Al-Qadhi Iyadh juga menjelaskan bentuk-bentuk hujatan kepada Nabi saw. Orang yang menghujat Rasulullah saw. adalah orang yang mencela, mencari-cari kesalahan, menganggap pada diri Rasul saw. ada kekurangan; mencela nasab (keturunan) dan pelaksanaan agamanya; juga menjelek-jelekkan salah satu sifatnya yang mulia; menentang atau menyejajarkan Rasulullah saw. dengan orang lain dengan niat untuk mencela, menghina, mengerdilkan, menjelek-jelekkan dan mencari-cari kesalahannya (Lihat: Al-Qadhi Iyadh, Asy-Syifâ bi Ta’rîf Huqûq al-Musthafâ, hlm. 428).

Masih menurut al-Qadhi Iyadh, ketika seseorang menyebut Nabi saw. dengan sifatnya, seperti anak yatim atau buta huruf, meski ini merupakan sifat beliau, tetapi jika labelisasi tersebut bertujuan untuk menghina beliau atau menunjukkan kekurangan beliau, maka orang tersebut sudah layak disebut menghina beliau. Inilah yang menyebabkan seorang ulama sekaliber Abu Hatim at-Thailathali difatwakan oleh fuqaha Andalusia untuk dihukum mati. Hal yang sama dialami oleh Ibrahim al-Fazari, yang difatwakan oleh fuqaha Qairuwan dan murid Sahnun untuk dihukum mati (Lihat: Al-Qadhi Iyadh, Asy-Syifâ bi Ta’rîf Huqûq al-Musthafâ, hlm. 430).
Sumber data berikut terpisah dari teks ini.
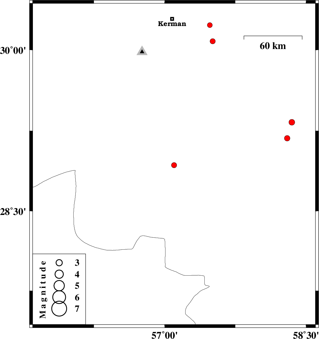 | 2014/12/30 | 10:23:10.5 | 13:53:10.5 | 30.08 | 57.51 | 14 | ML:2.5 | Kerman Province, 48 km South-East of Kerman | ||
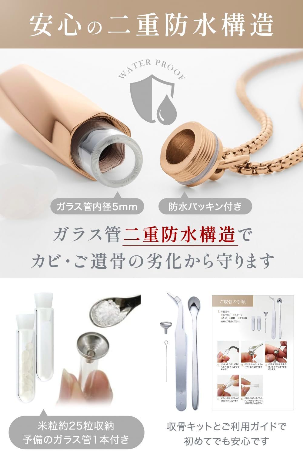 【ガラス管入り二重防水構造】 ペンダント内側にガラス管入りの「二重防水構造」。フタの裏側には「防水パッキン」が付いており、ご遺骨の劣化(カビ・腐敗・悪臭)を防ぎ末長く保存ことができます。
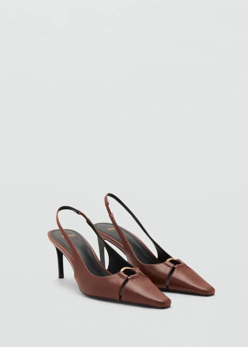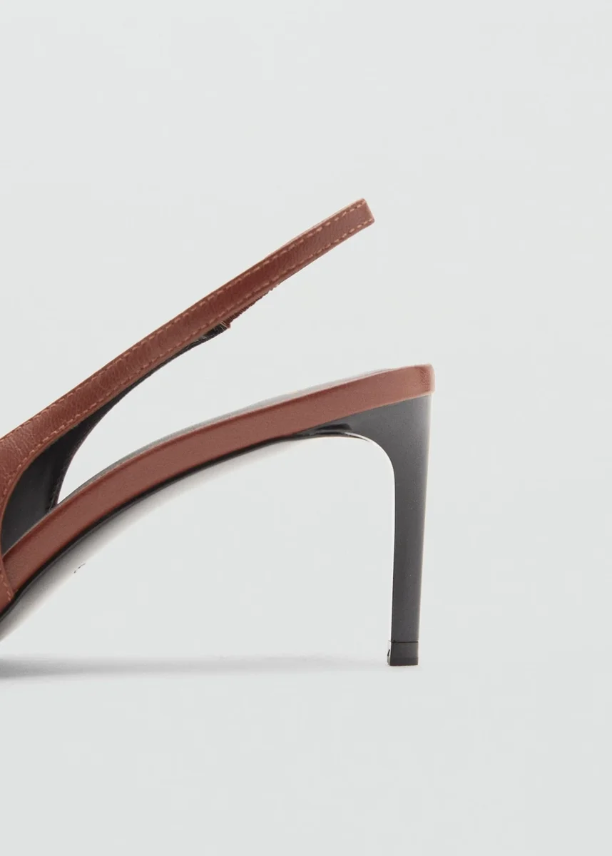 100% pelle di capra. Modello slingback. Punta affusolata. Anello metallico. Dettaglio cut-out. Tacco a spillo. Senza chiusura. Tacco 7,5 cm

Hal senada juga dinyatakan oleh Khalil Ibn Ishaq al-Jundi, ulama besar mazhab Maliki. Kata beliau: Siapa saja yang mencela Nabi saw.; melaknat, mengejek, menuduh, merendahkan, melabeli dengan sifat yang bukan sifat beliau; menyebutkan kekurangan pada diri dan karakter beliau; merasa iri karena ketinggian martabat, ilmu dan kezuhudannya; menisbatkan hal-hal yang tidak pantas kepada beliau; mencela beliau dll maka hukumannya adalah dibunuh (Lihat: Khalil Ibn Ishaq al-Jundi, Mukhtashar al-Khalîl, I/251).
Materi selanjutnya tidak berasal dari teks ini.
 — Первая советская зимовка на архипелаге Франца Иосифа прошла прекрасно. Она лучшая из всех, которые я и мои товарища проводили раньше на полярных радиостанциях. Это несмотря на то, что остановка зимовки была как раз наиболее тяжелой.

Karena itu membuat iklan promosi miras dengan menawarkan minum gratis bagi pengunjung yang bernama Muhammad merupakan penistaan yang sangat keterlaluan. Sebabnya, bisa dipastikan bahwa itu bermaksud mengolok-olok kemuliaan nama besar Nabi Muhammad saw.


Umat Tak Boleh Diam!

Penistaan terhadap marwah Nabi saw. terus berulang karena banyak Muslim dan tokoh-tokohnya memilih diam. Mereka berpikir bahwa diam dan bersabar ketika Nabi saw. dinista adalah sebuah kebaikan. Padahal bungkamnya mereka membuat penistaan ini kian menjadi-jadi. Mereka pun sebenarnya telah berdosa karena mendiamkan kemungkaran. Mereka seperti lupa dengan sindiran Imam asy-Syafii kepada orang yang diam saat agamanya dihina:

مَنِ اسْتُغْضِبَ فَلَمْ يَغْضَبْ فَهُوَ حِمَارٌ

“Siapa yang dibuat marah, namun tidak marah, maka ia adalah keledai.” (HR al-Baihaqi).
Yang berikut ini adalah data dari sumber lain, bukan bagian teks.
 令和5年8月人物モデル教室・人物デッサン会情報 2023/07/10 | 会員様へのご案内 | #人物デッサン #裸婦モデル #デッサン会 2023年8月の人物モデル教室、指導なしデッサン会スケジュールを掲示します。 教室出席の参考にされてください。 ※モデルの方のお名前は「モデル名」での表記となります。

Ulama besar Buya Hamka rahimahulLâh juga mempertanyakan orang yang tidak muncul ghirah-nya ketika agamanya dihina. Beliau menyamakan orang-orang seperti itu seperti orang yang sudah mati. “Jika kamu diam saat agamamu dihina, gantilah bajumu dengan kain kafan.”

Pada zaman Nabi saw. ada seorang pria yang amat marah kepada istrinya karena terus-menerus menghina Nabi saw.. Akhirnya, sang suami membunuh istrinya tersebut. Ketika kabar ini sampai kepada Baginda Nabi saw. dan pria ini mengakui perbuatannya, beliau bersabda:

أَلاَ اشْهَدُوا أَنَّ دَمَهَا هَدَرٌ

“Saksikanlah bahwa darah perempuan yang tertumpah itu sia-sia (tidak ada tuntutan)!” (HR Abu Dawud).

Karena itu, wahai kaum Muslim, marilah kita bela agama kita! Belalah Nabi kita yang mulia! Sungguh Nabi Muhammad saw. telah berjuang membela nasib kita agar menjadi hamba-hamba Allah SWT yang layak mendapatkan Jannah-Nya kelak. Penistaan kepada beliau terus terjadi karena diamnya sebagian besar dari kita terhadap hal ini.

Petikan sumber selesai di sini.